● Assignment: Print the lines below from the line with "Move right in" to the line with "リバティタナローンのフローラ" exactly, keeping both ends, and print no pictures.

● Given information:
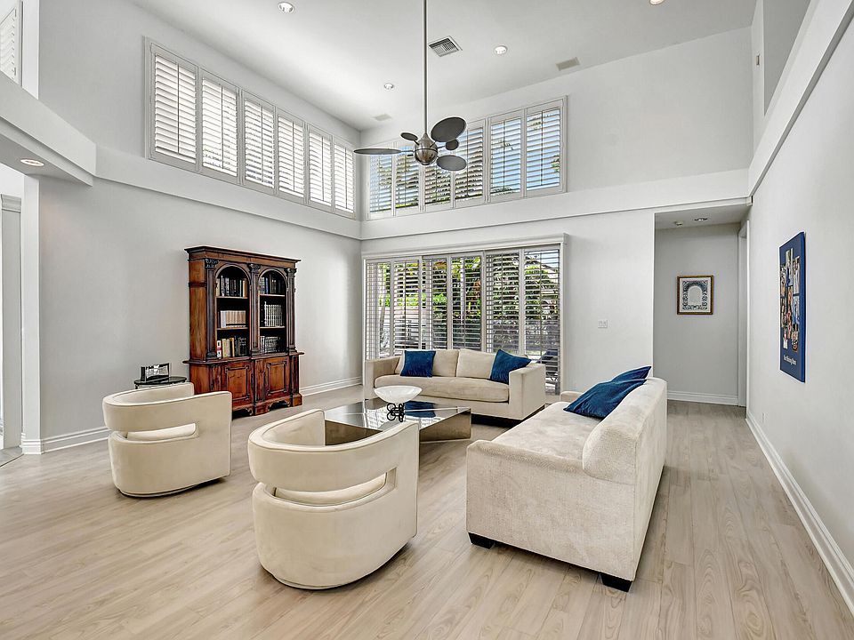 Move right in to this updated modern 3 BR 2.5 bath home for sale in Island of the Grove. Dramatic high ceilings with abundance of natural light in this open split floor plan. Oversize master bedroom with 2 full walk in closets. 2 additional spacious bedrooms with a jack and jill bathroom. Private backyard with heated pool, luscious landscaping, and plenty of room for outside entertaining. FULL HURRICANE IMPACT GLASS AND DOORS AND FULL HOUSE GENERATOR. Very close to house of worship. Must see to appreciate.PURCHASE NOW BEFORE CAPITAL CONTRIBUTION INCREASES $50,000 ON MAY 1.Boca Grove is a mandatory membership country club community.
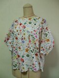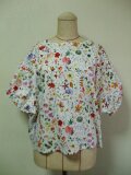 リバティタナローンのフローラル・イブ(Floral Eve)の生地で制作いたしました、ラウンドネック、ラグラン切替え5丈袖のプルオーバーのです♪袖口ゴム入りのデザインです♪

---

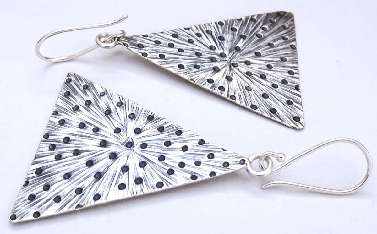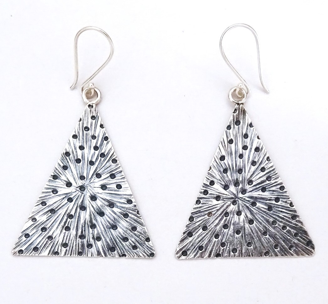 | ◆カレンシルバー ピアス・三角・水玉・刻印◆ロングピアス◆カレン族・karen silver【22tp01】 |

...

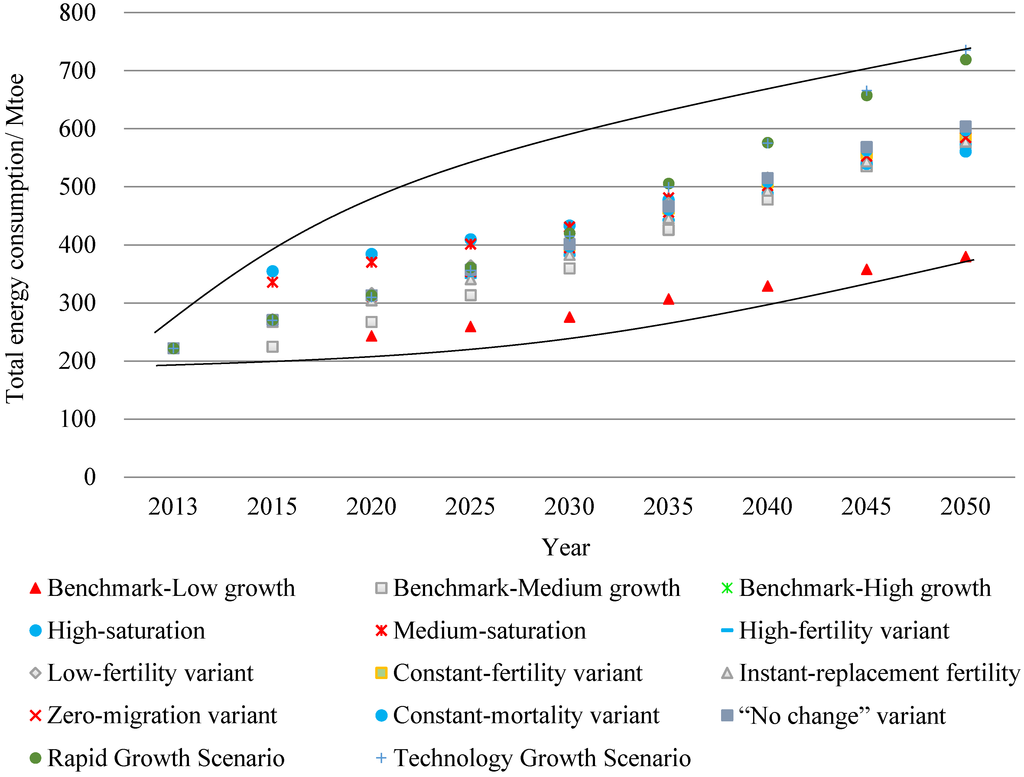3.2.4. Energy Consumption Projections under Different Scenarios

● Result of the task:
 Move right in to this updated modern 3 BR 2.5 bath home for sale in Island of the Grove. Dramatic high ceilings with abundance of natural light in this open split floor plan. Oversize master bedroom with 2 full walk in closets. 2 additional spacious bedrooms with a jack and jill bathroom. Private backyard with heated pool, luscious landscaping, and plenty of room for outside entertaining. FULL HURRICANE IMPACT GLASS AND DOORS AND FULL HOUSE GENERATOR. Very close to house of worship. Must see to appreciate.PURCHASE NOW BEFORE CAPITAL CONTRIBUTION INCREASES $50,000 ON MAY 1.Boca Grove is a mandatory membership country club community.
 リバティタナローンのフローラル・イブ(Floral Eve)の生地で制作いたしました、ラウンドネック、ラグラン切替え5丈袖のプルオーバーのです♪袖口ゴム入りのデザインです♪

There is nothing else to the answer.